My first thought is to use Lebesgue-vitali theorem, but I don't have anything about boundedness or continuity. I'm wondering if maybe I need to do it directly showing the upper and lower sum difference converges.

Thanks!

• Can you use the Lebesgue theorem that states that monotone functions on closed, bounded interval are differentiable almost everywhere, and hence continuous almost everywhere, which proves Riemann integrability? – Sawyer R. Jan 2 '18 at 20:08
• That would have worked yes. – RhythmInk Jan 2 '18 at 20:10
• The problem is odd because the hypotheses are unnecessary. Any monotone function is Riemann integrable. – AlohaSine Jan 2 '18 at 20:12
• Agreed with mathstudent, the sequence is irrelevant. – Sawyer R. Jan 2 '18 at 20:13

## 2 Answers

Since $f$ is monotonic and the domain is a closed and bounded interval, $f$ must be bounded. And the set of points at which it is discontinuous is countable, and therefore its Lebesgue measure is $0$. So, $f$ is Riemann-integrable.

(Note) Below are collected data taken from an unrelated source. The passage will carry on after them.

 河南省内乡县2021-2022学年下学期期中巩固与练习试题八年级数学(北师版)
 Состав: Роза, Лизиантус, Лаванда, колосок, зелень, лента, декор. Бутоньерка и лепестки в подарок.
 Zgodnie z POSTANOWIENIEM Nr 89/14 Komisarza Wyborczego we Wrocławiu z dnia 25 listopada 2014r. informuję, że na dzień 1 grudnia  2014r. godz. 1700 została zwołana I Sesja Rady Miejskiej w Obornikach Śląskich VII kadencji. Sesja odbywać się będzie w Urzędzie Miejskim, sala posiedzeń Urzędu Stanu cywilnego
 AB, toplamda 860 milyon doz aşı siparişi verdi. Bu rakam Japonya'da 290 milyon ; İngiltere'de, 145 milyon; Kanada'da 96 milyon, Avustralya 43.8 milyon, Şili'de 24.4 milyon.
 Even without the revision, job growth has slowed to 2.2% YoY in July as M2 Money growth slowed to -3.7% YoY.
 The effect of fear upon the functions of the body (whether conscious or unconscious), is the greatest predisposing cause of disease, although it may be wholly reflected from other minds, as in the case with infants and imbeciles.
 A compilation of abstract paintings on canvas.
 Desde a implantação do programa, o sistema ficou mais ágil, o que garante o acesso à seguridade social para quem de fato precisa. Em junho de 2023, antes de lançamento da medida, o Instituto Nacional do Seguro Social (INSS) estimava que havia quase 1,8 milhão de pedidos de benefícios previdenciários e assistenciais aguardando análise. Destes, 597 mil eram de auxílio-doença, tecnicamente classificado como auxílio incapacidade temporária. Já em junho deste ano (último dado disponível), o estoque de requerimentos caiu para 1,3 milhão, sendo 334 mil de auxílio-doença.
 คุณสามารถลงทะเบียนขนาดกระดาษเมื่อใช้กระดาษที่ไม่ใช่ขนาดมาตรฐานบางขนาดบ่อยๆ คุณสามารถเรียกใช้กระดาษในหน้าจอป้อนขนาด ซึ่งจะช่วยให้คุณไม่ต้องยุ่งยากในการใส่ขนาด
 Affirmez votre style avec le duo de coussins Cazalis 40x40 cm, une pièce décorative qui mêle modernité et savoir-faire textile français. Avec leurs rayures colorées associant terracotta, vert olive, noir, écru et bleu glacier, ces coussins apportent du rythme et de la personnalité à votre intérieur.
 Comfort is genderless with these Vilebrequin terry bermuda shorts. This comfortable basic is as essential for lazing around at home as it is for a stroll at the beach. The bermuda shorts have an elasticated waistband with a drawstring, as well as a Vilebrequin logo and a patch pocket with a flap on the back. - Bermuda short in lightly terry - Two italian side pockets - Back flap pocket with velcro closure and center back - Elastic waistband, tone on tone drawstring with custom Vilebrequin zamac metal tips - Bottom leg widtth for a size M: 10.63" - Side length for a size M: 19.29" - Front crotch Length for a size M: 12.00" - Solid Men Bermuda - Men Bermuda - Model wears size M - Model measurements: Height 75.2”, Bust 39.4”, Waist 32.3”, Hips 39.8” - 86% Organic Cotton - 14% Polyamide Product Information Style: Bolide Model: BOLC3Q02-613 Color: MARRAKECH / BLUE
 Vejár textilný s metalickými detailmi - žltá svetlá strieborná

• Why is that set countable? – RhythmInk Jan 2 '18 at 20:10
• @az89 Because a monotone function can only have jump discontinuities. And it is easy to see that (since it is bounded), for each natural $n$ there can be only be finitely many points $a\in[0,1]$ such that the jump (that is $\lim_{x\to a^+}f(x)-\lim_{x\to a^-}f(x)$) is geater than or equal to $\frac1n$. – José Carlos Santos Jan 2 '18 at 20:13
• @SawyerR. Are you sure that it is false for monotone functions? – José Carlos Santos Jan 2 '18 at 20:13
• The set of discontinuities of a monotone function from an interval to $\mathbb{R}$ is definitely countable. – Ian Jan 2 '18 at 20:14
• I was definitely wrong, I recall the proof now. I was getting that fact confused with riemann integrable iff set of discontinuities has measure zero. – Sawyer R. Jan 2 '18 at 20:15

Here's an elementary proof that every monotone function on $$[0,1]$$ is Riemann integrable. Suppose $$f$$ is nondecreasing on $$[0,1].$$ Consider the uniform partition $$P_n$$ of $$[0,1]$$ with $$n$$ subintervals. Then

$$U(f,P_n) = \sum_{k=1}^{n}f\left(\frac{k}{n}\right)\frac{1}{n},\,\,\, L(f,P_n) = \sum_{k=1}^{n}f\left(\frac{(k-1)}{n}\right)\frac{1}{n}.$$

Thus

$$U(f,P_n)-L(f,P_n) = f(1)\frac{1}{n}-f(0)\frac{1}{n}=\frac{f(1)-f(0)}{n}.$$

Therefore $$U(f,P_n)-L(f,P_n)\to 0$$ as $$n\to \infty,$$ hence $$f$$ is Riemann integrable on $$[0,1].$$